Seeing the heart-rending and shocking images of Afghan refugees in recent months has, for many Southern Highlanders, re-ignited concern over Australia's response when people in such desperate circumstances reach our shores.
But contrary to what you might see on the television, all the action regarding refugee advocacy doesn't just happen in the city.
In fact, if you want to be part of "a passionate, committed group" who support and advocate for people who have fled their war or persecution for Australia, you can do so right here in the Southern Highlands.
"We have 96 financial members and that's growing," said Maree Byrne, convenor of the Southern Highlands branch of Rural Australians for Refugees (RAR).
"And we have 600 on our email list, many of whom are generous supporters."

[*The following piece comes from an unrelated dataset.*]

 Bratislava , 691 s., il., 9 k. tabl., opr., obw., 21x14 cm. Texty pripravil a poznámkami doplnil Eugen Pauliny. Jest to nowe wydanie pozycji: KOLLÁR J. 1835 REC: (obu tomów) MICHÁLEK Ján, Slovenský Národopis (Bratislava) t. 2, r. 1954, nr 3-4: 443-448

RAR started in the Highlands in 2001, and 20 years later is part of a national pro-refugee network with branches all over the country.
Now, with their AGM scheduled for next Wednesday, October 20, the group is hoping to welcome new - particularly younger - members to take up the fight.

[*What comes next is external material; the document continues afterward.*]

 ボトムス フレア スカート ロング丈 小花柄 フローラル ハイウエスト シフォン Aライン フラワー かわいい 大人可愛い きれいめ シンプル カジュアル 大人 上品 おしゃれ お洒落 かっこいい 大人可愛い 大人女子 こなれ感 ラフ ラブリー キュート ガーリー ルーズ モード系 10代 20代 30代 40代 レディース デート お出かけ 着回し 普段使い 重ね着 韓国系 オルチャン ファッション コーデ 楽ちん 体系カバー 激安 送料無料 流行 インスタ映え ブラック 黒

"We need more young people coming on," said deputy convenor Sarah Clutton.
"Most of the committee are much older and it gets very tiring.
"At the moment elderly members are putting in hours of support for local refugees, going to appointments and service providers with them to assist them, and it becomes quite a load.
"Some new energy into the group would be so welcome."
Comparing the start of RAR - when citizens concerned about the issue called a meeting at Bowral Memorial Hall and 500 people turned up - to the present, Ms Clutton said she thought a sense of resignation has set in.
"We're all so used to the government treating people badly - we've been worn down by their appalling treatment," she said.
RAR is involved in broad campaigns - at the moment there is one calling on the government to increase the Afghan refugee intake from 3,000 to 20,000 - but also take on a very personal role in the re-settlement of refugees here in the Highlands.
"We have eight families we take care of here," said Ms Byrne.
"Much of the help is negotiating bureaucracy, especially Centrelink, where they can sometimes get cut off for no reason and have to wait six weeks for it to be re-instated, with no back pay."
The group also spend time shopping and sharpening conversational English with the refugees, who come from countries such as Sri Lanka, Burma, Sudan and Iran.
These people who have fled war or persecution have ended up in the Southern Highlands thanks to the Safe Haven Enterprise Visa (SHEV) system, which offers them a five year temporary visa if they come to the regions (they must have a job or a child at school in the area), two years more than the regular Temporary Protection Visa (TPV).
"No refugee would come here willingly when in the city they can have better services, cheaper rent, and be part of a community from their home country," Ms Byrne said, adding that they need even more support in rural Australia as a result.
But it's practically impossible to move off the SHEV or TPV onto a permanent visa, meaning they are locked out of access to higher education, among other things.
The constant paperwork and sense of insecurity mean many live in a state of stress, if not despair.
"We can't repair the harm from the country of origin, but we're causing so much more harm with the system of temporary visas," Ms Byrne said.
- To join the AGM, please send a membership request to firstname.lastname@example.org
RAR formerly raised money to support the local families through fundraising events, which have been off the table for almost two years now.
But they now have a date in the calendar for a screening of Rosemary's Way, a film that celebrates Rosemary Kariuki and the group of vulnerable migrant women of suburban Sydney whose lives she helps transform from isolation to connection, for which she received the Australian of the Year - Local Hero award.
Rosemary Kariuki will be present at the screening for a Q and A event afterwards.
The film will be shown on Tuesday, February 15, from 7pm at Empire Cinemas Bowral.